Lawyers for the Authors Guild said in a court filing that the dataset likely includes “more than 100,000 published books” and that OpenAI uses copyrighted material to train AI models. He said that this is the center of the argument that he did so.

The guild has been seeking information about the dataset from OpenAI for several months. The company initially resisted, citing confidentiality concerns, but ultimately said it had deleted all copies of the data, according to legal filings reviewed by Business Insider.

High-quality training data is a key part of the powerful AI models that are taking the technology world by storm. OpenAI and other companies used data from the Internet, including many books, to build these models. Many of the companies that create this information hope to be compensated for providing intelligence to these new AI products. Technology companies don't want to be forced to pay. This dispute is currently being fought in court through several lawsuits.

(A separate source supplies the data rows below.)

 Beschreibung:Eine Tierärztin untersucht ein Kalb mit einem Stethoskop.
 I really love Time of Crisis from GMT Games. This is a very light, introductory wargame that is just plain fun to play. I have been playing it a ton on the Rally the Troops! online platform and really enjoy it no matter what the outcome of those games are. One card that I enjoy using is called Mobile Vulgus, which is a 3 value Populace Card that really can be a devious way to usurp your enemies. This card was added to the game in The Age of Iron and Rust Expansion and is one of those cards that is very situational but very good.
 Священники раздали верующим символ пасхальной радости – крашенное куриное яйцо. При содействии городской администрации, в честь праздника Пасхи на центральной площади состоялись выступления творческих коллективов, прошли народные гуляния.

In a 2020 white paper, OpenAI described the “books1” and “books2” datasets as an “Internet-based corpus of books” and said they accounted for 16% of the training data used to create GPT-3. Ta. The whitepaper also states that “books1” and “books2” together contain 67 billion tokens of data, which equates to approximately 50 billion words. For comparison, the King James Bible contains 783,137 words.

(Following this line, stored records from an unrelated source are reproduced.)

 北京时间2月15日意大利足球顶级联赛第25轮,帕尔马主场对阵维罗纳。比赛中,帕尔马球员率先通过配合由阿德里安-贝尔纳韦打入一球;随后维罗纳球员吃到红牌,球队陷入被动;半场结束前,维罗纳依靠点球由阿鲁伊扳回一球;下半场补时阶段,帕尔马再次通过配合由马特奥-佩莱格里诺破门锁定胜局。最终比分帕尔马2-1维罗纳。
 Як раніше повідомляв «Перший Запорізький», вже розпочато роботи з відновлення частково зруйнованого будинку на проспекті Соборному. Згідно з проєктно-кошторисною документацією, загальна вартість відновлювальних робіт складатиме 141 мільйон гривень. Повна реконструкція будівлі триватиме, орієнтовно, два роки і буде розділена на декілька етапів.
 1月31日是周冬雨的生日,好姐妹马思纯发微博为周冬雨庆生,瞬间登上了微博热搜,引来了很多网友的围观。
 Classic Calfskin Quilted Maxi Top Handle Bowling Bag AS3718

An unsealed letter from OpenAI's lawyers is labeled “Confidential – For Lawyers' Eyes Only” and states that the use of “books1” and “books2” for model training will be discontinued at the end of 2021. It is stated that the dataset will be deleted in mid-2022. Due to non-use. The letter also states that other data used to train GPT-3 has not been deleted and provides Authors Guild lawyers with access to those other datasets.

The unsealed documents also revealed that the two researchers who created “books1” and “books2” are no longer employed by OpenAI. OpenAI initially declined to share the identities of the two employees.

The startup later disclosed the employee's identity to the Writers Guild's lawyers, but did not release their names. OpenAI asked the court to keep the names of its two employees and information about the data set confidential. The Authors' Union opposed this, insisting on the public's right to know. The controversy continues.

“The models that power ChatGPT and our API today were not developed using these datasets,” OpenAI said in a statement Tuesday. “These datasets were created by former employees who left OpenAI, were last used in 2021, and were removed as they were no longer used in 2022.”